→ Aim of the task: In the entries that follow, the lines from the line containing "One electronically tested" up to and including the line containing "Spray bunn og" must be copied exactly, with pictures omitted.

→ Record excerpts:
__________________________________________________

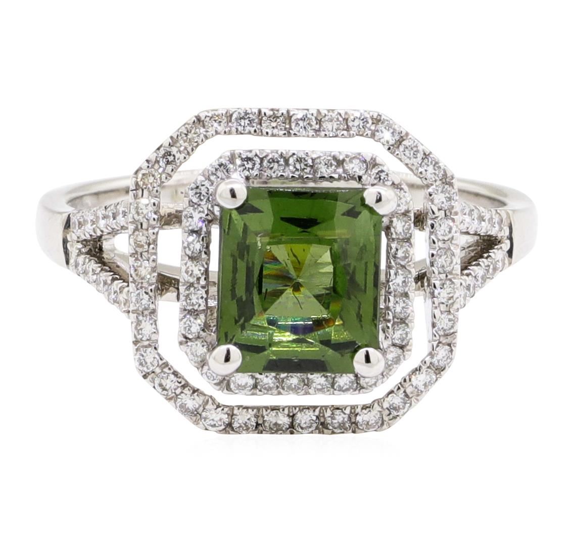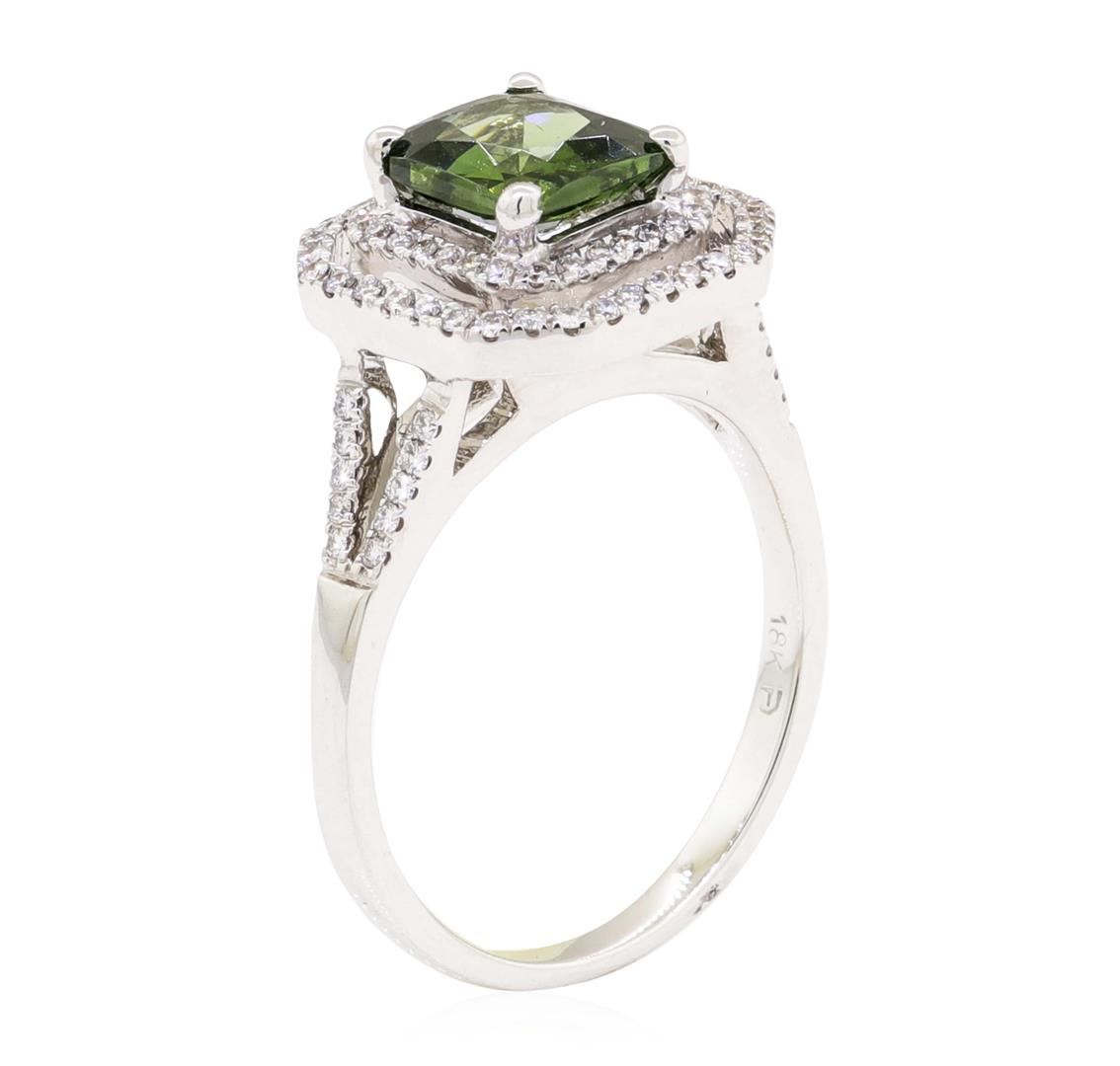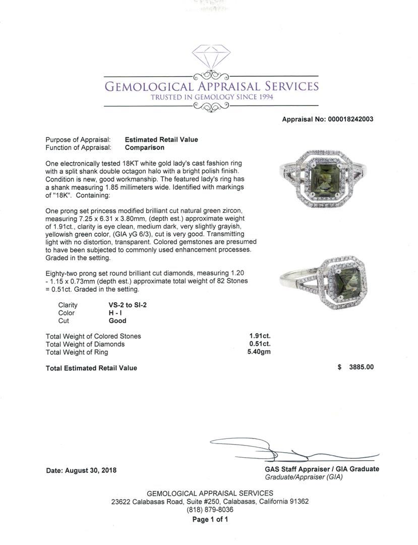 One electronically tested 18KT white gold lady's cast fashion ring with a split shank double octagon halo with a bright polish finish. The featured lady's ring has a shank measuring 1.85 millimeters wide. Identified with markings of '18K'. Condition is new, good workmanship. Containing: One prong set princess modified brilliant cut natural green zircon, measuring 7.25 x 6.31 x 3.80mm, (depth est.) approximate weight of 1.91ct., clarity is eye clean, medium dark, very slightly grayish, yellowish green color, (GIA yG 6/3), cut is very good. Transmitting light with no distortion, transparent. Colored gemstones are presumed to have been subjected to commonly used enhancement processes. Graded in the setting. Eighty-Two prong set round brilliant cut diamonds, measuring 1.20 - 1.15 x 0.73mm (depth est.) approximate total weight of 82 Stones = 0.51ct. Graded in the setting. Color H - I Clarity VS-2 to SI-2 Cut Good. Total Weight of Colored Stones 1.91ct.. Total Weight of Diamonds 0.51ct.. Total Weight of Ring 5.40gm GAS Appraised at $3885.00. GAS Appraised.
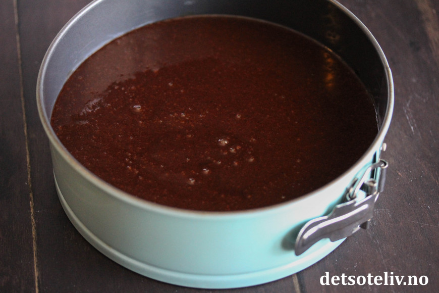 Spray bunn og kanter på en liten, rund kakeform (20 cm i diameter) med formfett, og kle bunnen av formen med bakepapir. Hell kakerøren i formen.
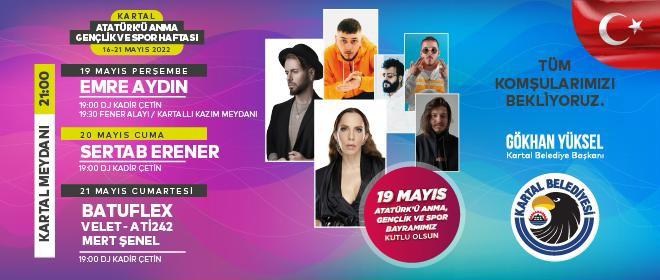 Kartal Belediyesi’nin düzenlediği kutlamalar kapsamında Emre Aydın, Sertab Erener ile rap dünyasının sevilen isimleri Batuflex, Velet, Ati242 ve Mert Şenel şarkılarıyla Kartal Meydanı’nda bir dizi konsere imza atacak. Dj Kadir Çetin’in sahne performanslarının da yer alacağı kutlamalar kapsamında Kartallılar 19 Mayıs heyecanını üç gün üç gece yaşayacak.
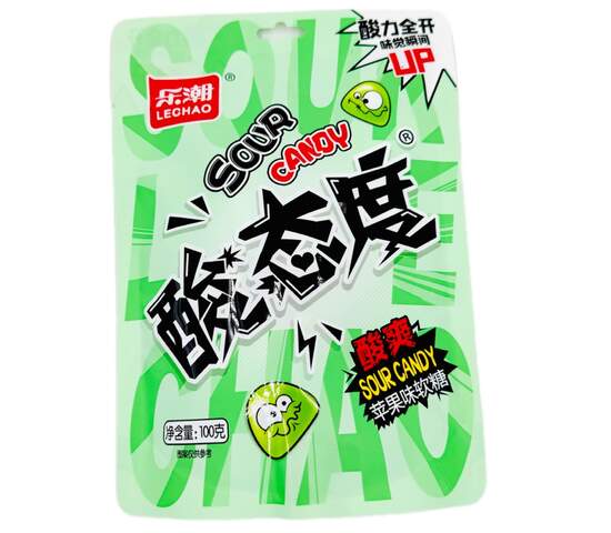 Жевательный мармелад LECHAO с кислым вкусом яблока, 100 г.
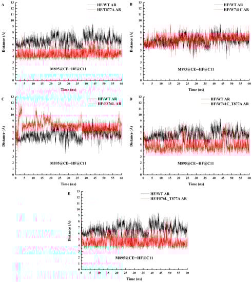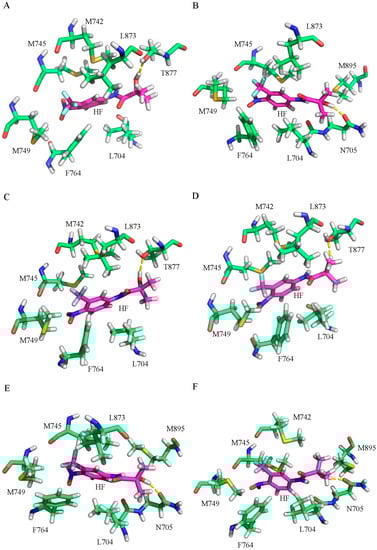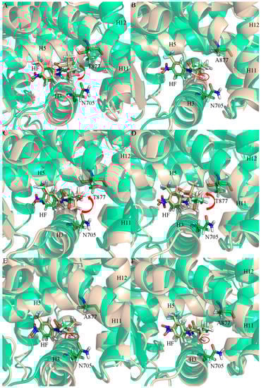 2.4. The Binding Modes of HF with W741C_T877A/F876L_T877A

__________________________________________________

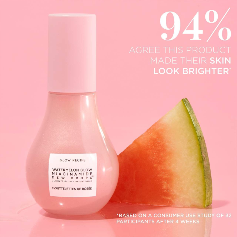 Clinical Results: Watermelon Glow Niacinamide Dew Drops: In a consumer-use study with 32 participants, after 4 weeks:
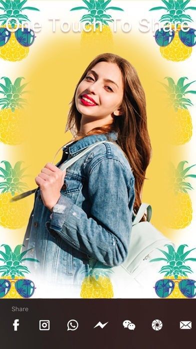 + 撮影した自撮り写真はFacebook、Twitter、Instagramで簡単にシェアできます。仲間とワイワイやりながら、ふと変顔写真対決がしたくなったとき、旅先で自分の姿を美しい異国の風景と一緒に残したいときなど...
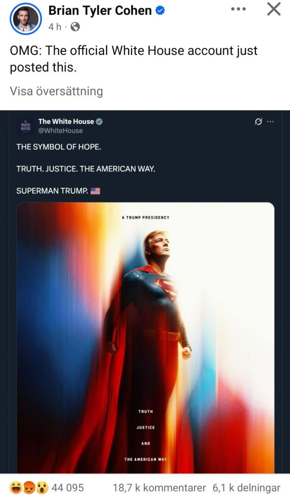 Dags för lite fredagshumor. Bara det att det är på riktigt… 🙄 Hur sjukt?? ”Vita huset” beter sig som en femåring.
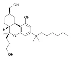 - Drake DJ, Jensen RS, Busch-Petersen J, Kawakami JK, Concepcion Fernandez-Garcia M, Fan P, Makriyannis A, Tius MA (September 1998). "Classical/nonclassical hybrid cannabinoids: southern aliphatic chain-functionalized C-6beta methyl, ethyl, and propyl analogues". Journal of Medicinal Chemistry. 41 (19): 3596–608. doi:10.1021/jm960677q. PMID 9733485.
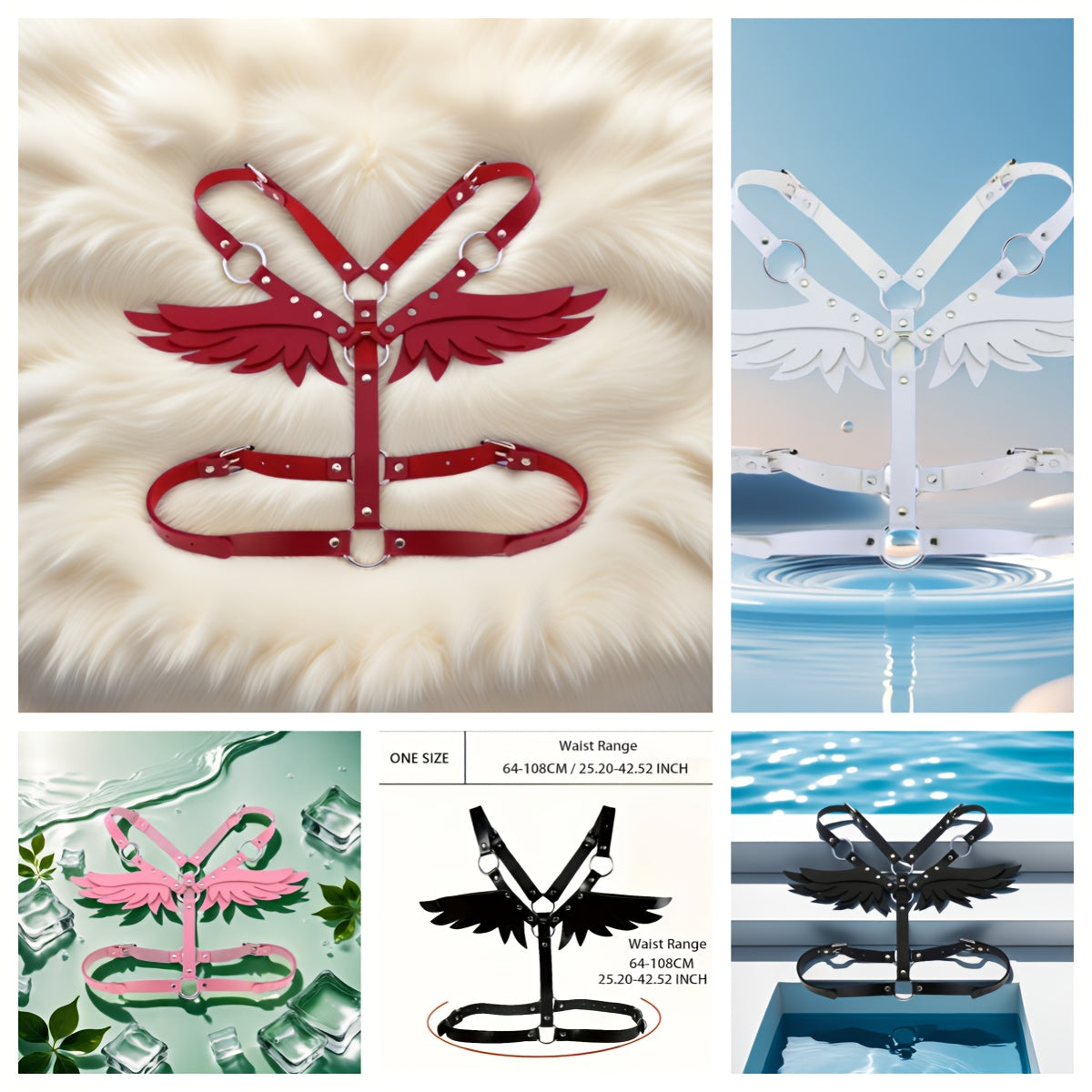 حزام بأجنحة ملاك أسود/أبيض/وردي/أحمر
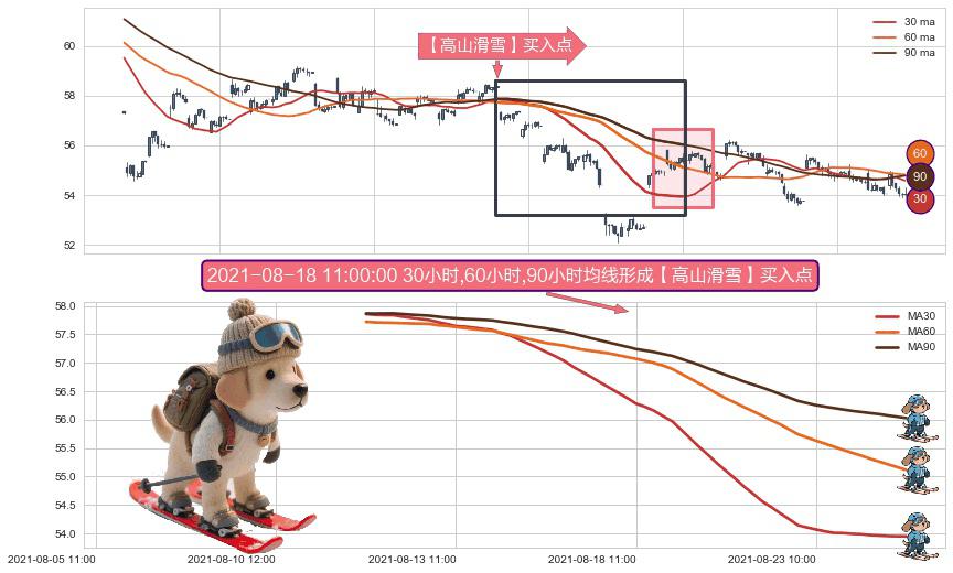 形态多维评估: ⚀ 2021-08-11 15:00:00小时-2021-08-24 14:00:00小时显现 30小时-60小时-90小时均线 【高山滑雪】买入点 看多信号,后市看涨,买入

__________________________________________________

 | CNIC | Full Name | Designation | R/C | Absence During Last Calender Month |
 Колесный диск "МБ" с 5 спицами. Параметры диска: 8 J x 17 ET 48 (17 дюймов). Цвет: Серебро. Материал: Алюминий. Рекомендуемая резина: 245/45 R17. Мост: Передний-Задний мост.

__________________________________________________

→ Solved exercise:
 One electronically tested 18KT white gold lady's cast fashion ring with a split shank double octagon halo with a bright polish finish. The featured lady's ring has a shank measuring 1.85 millimeters wide. Identified with markings of '18K'. Condition is new, good workmanship. Containing: One prong set princess modified brilliant cut natural green zircon, measuring 7.25 x 6.31 x 3.80mm, (depth est.) approximate weight of 1.91ct., clarity is eye clean, medium dark, very slightly grayish, yellowish green color, (GIA yG 6/3), cut is very good. Transmitting light with no distortion, transparent. Colored gemstones are presumed to have been subjected to commonly used enhancement processes. Graded in the setting. Eighty-Two prong set round brilliant cut diamonds, measuring 1.20 - 1.15 x 0.73mm (depth est.) approximate total weight of 82 Stones = 0.51ct. Graded in the setting. Color H - I Clarity VS-2 to SI-2 Cut Good. Total Weight of Colored Stones 1.91ct.. Total Weight of Diamonds 0.51ct.. Total Weight of Ring 5.40gm GAS Appraised at $3885.00. GAS Appraised.
 Spray bunn og kanter på en liten, rund kakeform (20 cm i diameter) med formfett, og kle bunnen av formen med bakepapir. Hell kakerøren i formen.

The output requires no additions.